Stored data entries:
=====
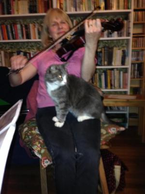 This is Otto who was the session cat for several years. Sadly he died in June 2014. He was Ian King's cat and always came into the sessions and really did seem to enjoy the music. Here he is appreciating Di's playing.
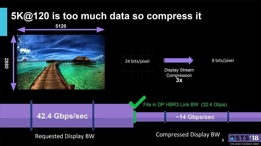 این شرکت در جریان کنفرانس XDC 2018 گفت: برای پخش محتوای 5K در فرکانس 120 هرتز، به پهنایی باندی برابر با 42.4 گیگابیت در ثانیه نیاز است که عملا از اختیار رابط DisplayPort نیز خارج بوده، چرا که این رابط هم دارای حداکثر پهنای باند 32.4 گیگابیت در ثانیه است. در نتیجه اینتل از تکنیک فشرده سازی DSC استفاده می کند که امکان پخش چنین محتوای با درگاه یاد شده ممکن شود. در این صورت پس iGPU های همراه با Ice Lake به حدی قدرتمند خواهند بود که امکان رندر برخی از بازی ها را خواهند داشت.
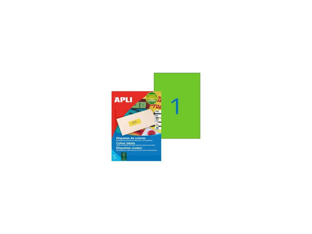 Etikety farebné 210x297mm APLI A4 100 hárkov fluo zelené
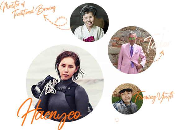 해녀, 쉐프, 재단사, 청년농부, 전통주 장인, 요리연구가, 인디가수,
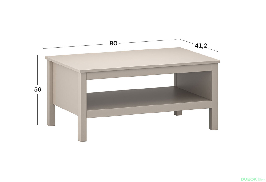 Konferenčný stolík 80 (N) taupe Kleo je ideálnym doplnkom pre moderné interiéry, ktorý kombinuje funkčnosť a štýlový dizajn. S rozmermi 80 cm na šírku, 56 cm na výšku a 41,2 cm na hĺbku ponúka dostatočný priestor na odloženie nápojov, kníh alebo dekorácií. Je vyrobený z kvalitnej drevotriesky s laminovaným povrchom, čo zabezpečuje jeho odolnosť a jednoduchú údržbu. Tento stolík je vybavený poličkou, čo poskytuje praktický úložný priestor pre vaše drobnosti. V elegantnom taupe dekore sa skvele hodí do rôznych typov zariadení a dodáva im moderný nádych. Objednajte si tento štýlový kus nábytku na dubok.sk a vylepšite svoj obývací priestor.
=====
▶ _GOAL OF THE EXERCISE_
In the answer, repeat exactly the lines from the top of the entries above through the line with "해녀, 쉐프, 재단사, 청년농부, 전통주", and leave pictures out of it.

▶ _ANSWER FOR THIS EXERCISE_
 This is Otto who was the session cat for several years. Sadly he died in June 2014. He was Ian King's cat and always came into the sessions and really did seem to enjoy the music. Here he is appreciating Di's playing.
 این شرکت در جریان کنفرانس XDC 2018 گفت: برای پخش محتوای 5K در فرکانس 120 هرتز، به پهنایی باندی برابر با 42.4 گیگابیت در ثانیه نیاز است که عملا از اختیار رابط DisplayPort نیز خارج بوده، چرا که این رابط هم دارای حداکثر پهنای باند 32.4 گیگابیت در ثانیه است. در نتیجه اینتل از تکنیک فشرده سازی DSC استفاده می کند که امکان پخش چنین محتوای با درگاه یاد شده ممکن شود. در این صورت پس iGPU های همراه با Ice Lake به حدی قدرتمند خواهند بود که امکان رندر برخی از بازی ها را خواهند داشت.
 Etikety farebné 210x297mm APLI A4 100 hárkov fluo zelené
 해녀, 쉐프, 재단사, 청년농부, 전통주 장인, 요리연구가, 인디가수,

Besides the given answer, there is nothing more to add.